*Exercise materials*
-- Opening Marker --
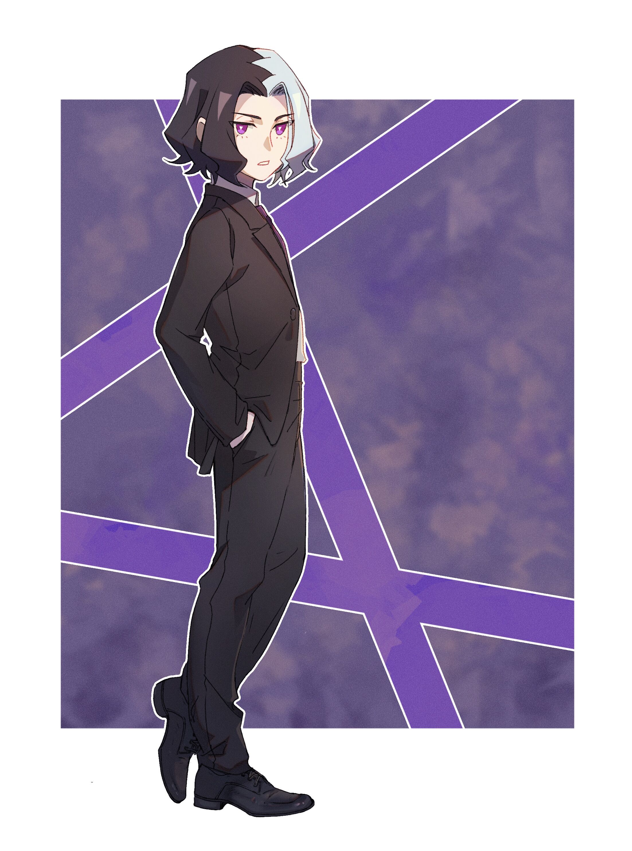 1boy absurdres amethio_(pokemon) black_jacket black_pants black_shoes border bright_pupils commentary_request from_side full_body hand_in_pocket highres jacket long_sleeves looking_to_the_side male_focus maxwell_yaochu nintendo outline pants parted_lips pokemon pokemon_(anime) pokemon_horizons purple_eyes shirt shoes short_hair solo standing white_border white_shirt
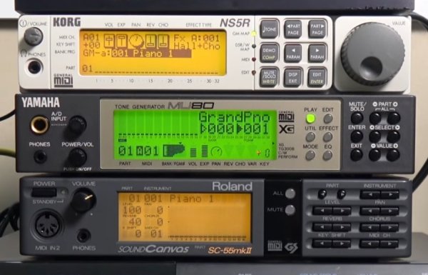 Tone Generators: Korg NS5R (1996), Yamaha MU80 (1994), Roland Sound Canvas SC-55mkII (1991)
-- Closing Marker --
-- Opening Marker --
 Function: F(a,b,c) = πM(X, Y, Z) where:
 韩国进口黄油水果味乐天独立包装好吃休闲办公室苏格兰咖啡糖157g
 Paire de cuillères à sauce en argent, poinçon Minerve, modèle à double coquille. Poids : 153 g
-- Closing Marker --
*What you need to do*
Where the line holding "韩国进口黄油水果味乐天独立包装好吃休闲办公室苏格兰咖啡糖157g" appears in the listing above, start reproducing exactly, and end with the line holding "Paire de cuillères".

*Solution to this task*
 韩国进口黄油水果味乐天独立包装好吃休闲办公室苏格兰咖啡糖157g
 Paire de cuillères à sauce en argent, poinçon Minerve, modèle à double coquille. Poids : 153 g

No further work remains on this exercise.